Limitations & Future Work

  • Single dataset: Evaluation is limited to the EV-UAV benchmark, although the authors acknowledge it is currently the only large-scale EVSOD benchmark. Generalization across different categories (non-UAV) or sensors remains unverified.
  • Topology assumption relies on "continuous target trajectories": The method leverages the prior that targets form a connected manifold in \((x, y, t)\). In cases of extremely intermittent motion or topological aliasing where multi-target trajectories cross and entangle, Betti/Wasserstein constraints might be counterproductive—a point not discussed in depth.
  • Overhead: Runtime increased from 35.9ms to 56.5ms (approx. +57%).

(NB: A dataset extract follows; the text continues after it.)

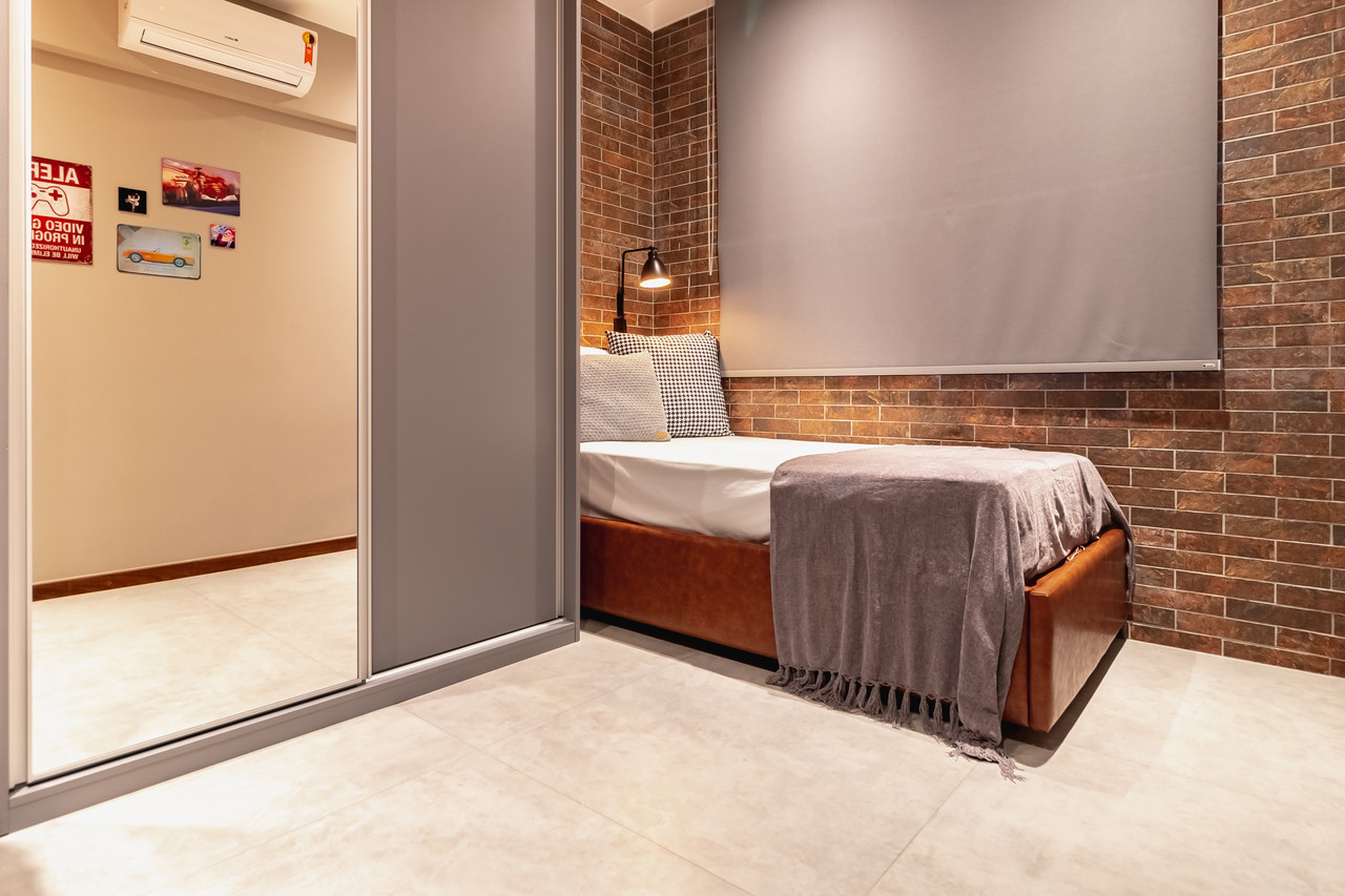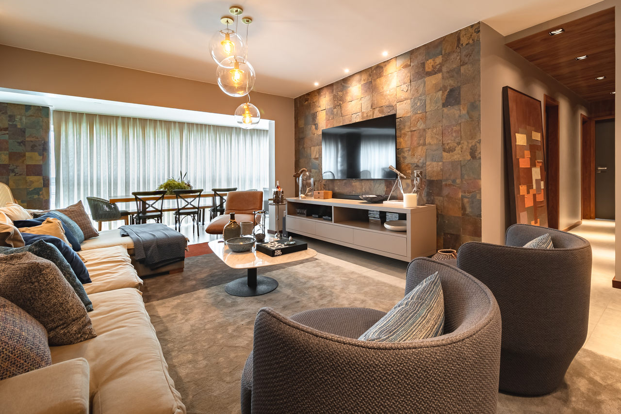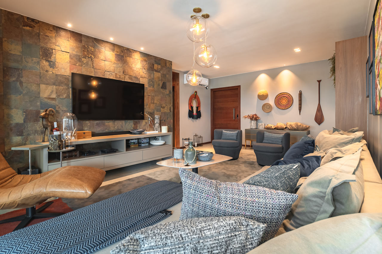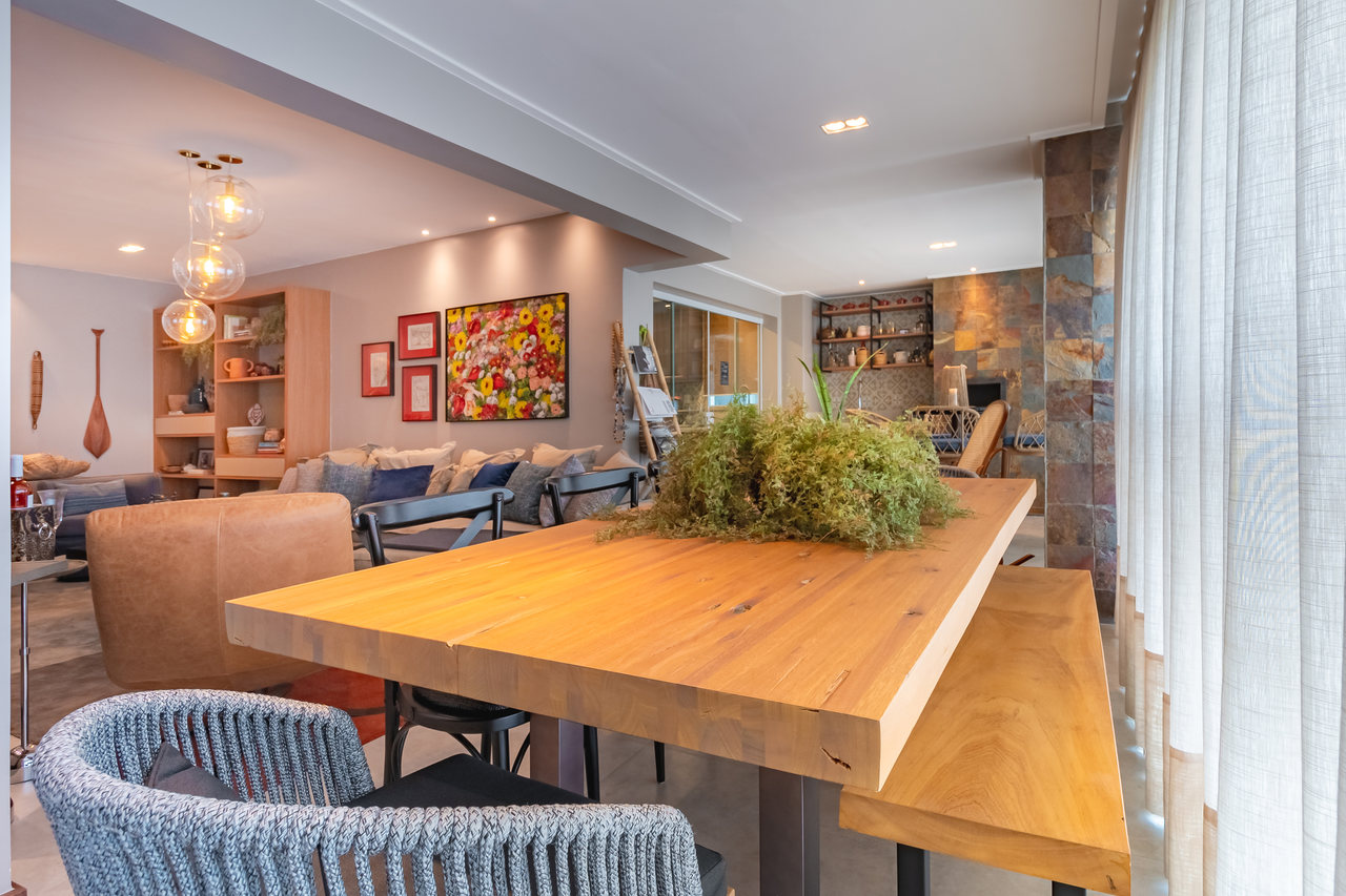 Para atender às necessidades da família, os mais de 160 m² foram adequados. A sala foi ampliada com varanda e espaço gourmet para lazer dos moradores. O piso de porcelanato na cor cimento queimado harmoniza com a textura de pedra oxi natural. Tudo isso dá um ar de longevidade e história no projeto.

While still fast, this is a cost for ultra-real-time scenarios. Additionally, sensitivity to \(\lambda_{topo}\) (0.05 being the sweet spot) suggests non-trivial hyperparameter tuning costs.
  • Batch size limited to 1: Due to point cloud size and persistent homology computation, the training batch is small, potentially affecting BN-like statistics and training stability. This is a potential bottleneck for scaling to larger scenarios.

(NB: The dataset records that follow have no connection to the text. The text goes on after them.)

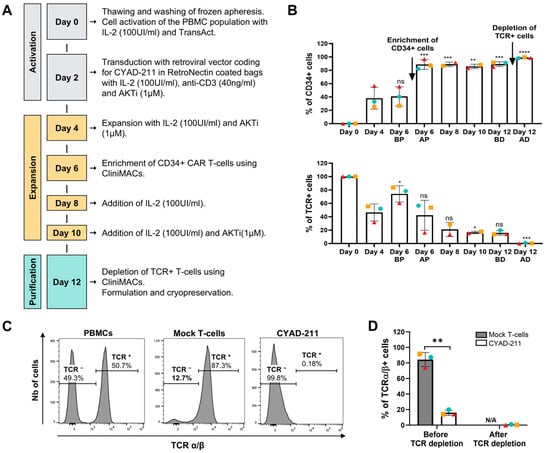 CYAD-211 clinical product development and identity. (A) Process flow chart of the CYAD-211 clinical product. (B) Percentage of transduced cells (CD34 positive population, upper panel) or TCR positive cells (TCR+, lower panel) over time during the manufacturing process. BP: before CD34+ purification step, AP: after CD34+ purification step; BD: before TCR+ depletion, AD: after TCR+ depletion. **** p value of <0.0001, *** p value of <0.001, ** p value of <0.01, * p value of <0.1, ns: not significant (versus Day 4). (C) Representative flow cytometry histogram plots of TCR expression of control T-cells transfected with a vector expressing only the tCD34 reporter (Mock) and CYAD-211 cells at Day 12. (D) Percentage of T-cell receptor positive (TCR+) cells in Mock T-cells or CYAD-211 before and after depletion of TCR positive cells at Day 12. ** p value of <0.01.
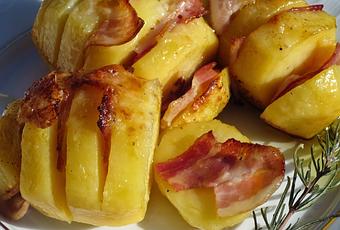 Ayudaros con el filo de un cuchillo, e introducir un trocito de bacon en cada raja,salpimentar y queso rallado o trozos en lonchas, poner una ramillita de romero , si os gusta ese saborín.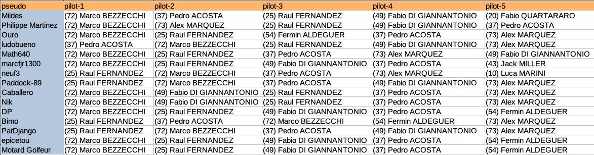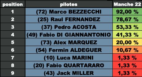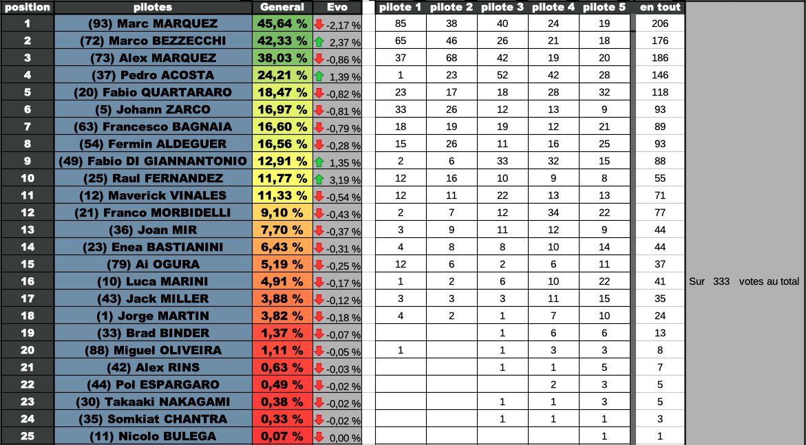 Alex Marquez a été en tête des votes 2 fois, comme Zarco, Quartararo et Bagnaia, puis Ogura, Viñales, Aldeguer et Raul 1 fois chacun, mais c’est 5 victoires pour Bezzecchi autant que Marc Marquez ! Ceci explique donc cela 🤗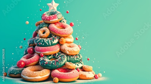 © Irina, Obraz premium Donuts shaped as Christmas tree composition background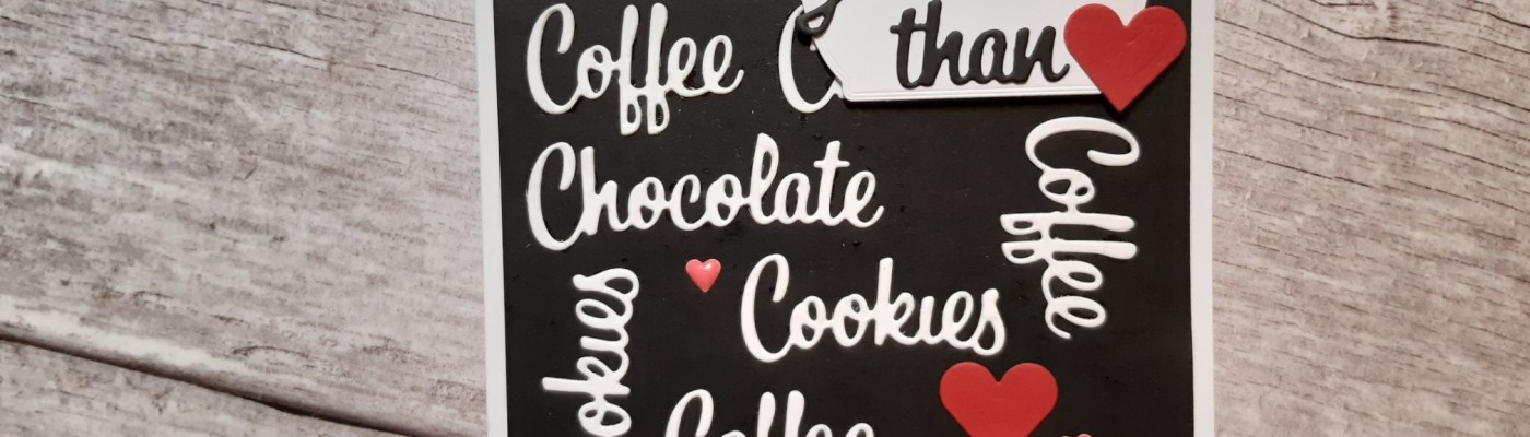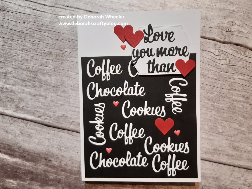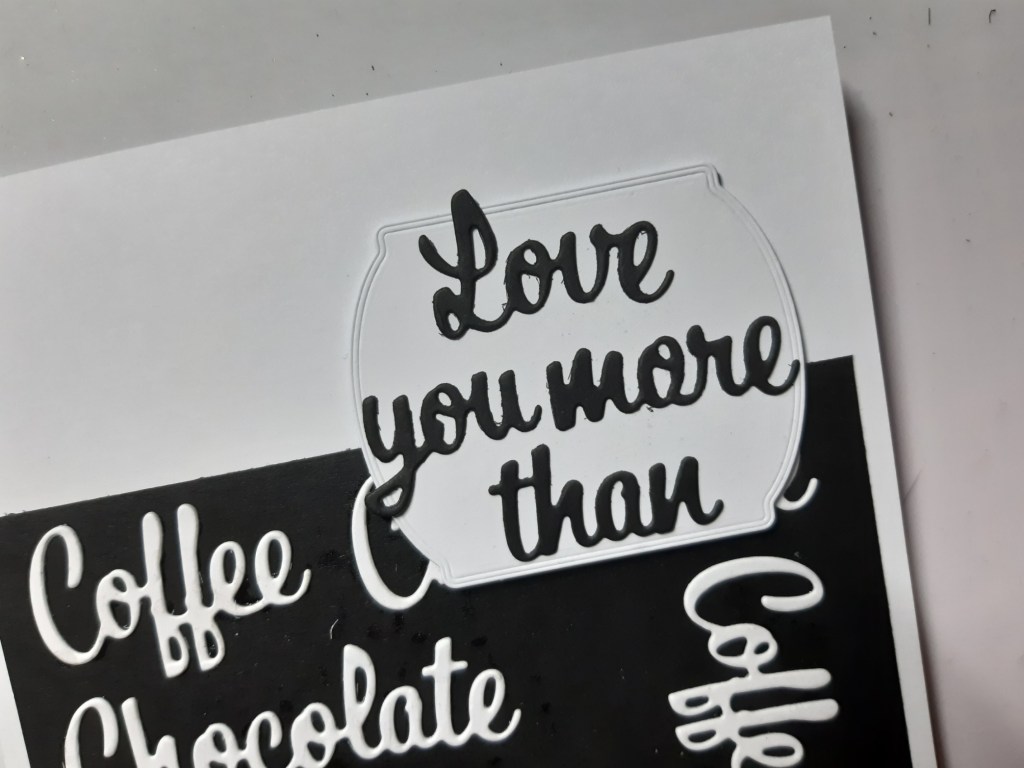 I started by cutting the words from Stampin’ Up!’s ‘love you more than’ die set in white card and glued them onto a piece of black card, which I then attached to a 5×7 card blank.

  • vs. Ev-SpSegNet (ICCV25, Point SOTA): Both use sparse convolutions for per-event segmentation. Ev-SpSegNet focuses on local neighborhood aggregation; this paper adds a "global trajectory topology" layer via TLM/SCM and persistent homology constraints, raising IoU from 55.18 to 66.62. The core difference is the upgrade from "local features" to "local + global topological structure."
  • vs. Dense/Voxel Methods (RVT, Spike-YOLO, etc.): These densify events into frames or voxels and apply CNNs/SNNs/Transformers, sacrificing microsecond precision and introducing motion blur. This work follows a pure sparse point cloud approach, superior in both accuracy and efficiency.
  • vs. Image-domain Topological Segmentation Losses (TopoLoss, TopoSeg, Betti matching, etc.): Previous topological losses used only birth-death times for matching, ignoring spatial geometry. This creates ambiguity on event point clouds with spatial coordinates and is computationally complex. This paper addresses these issues with geometrically-aware gradients + active region mechanisms, successfully applying topological losses to large-scale event point clouds.

Rating

  • Novelty: ⭐⭐⭐⭐⭐ First to integrate persistent homology into both network architecture and loss for event-based SOD, while solving differentiability and efficiency for event point clouds.
  • Experimental Thoroughness: ⭐⭐⭐⭐ Comparison, ablation, layer-wise, weight sensitivity, and cross-backbone tests were conducted, but only on the single EV-UAV benchmark.
  • Writing Quality: ⭐⭐⭐⭐ Motivation clearly explained via homology visualizations; formulas are complete and method logic is sound, though some notation is dense.
  • Value: ⭐⭐⭐⭐⭐ EvTopoLoss is plug-and-play and yields gains across backbones; highly practical for high-speed small object scenarios like anti-UAV defense.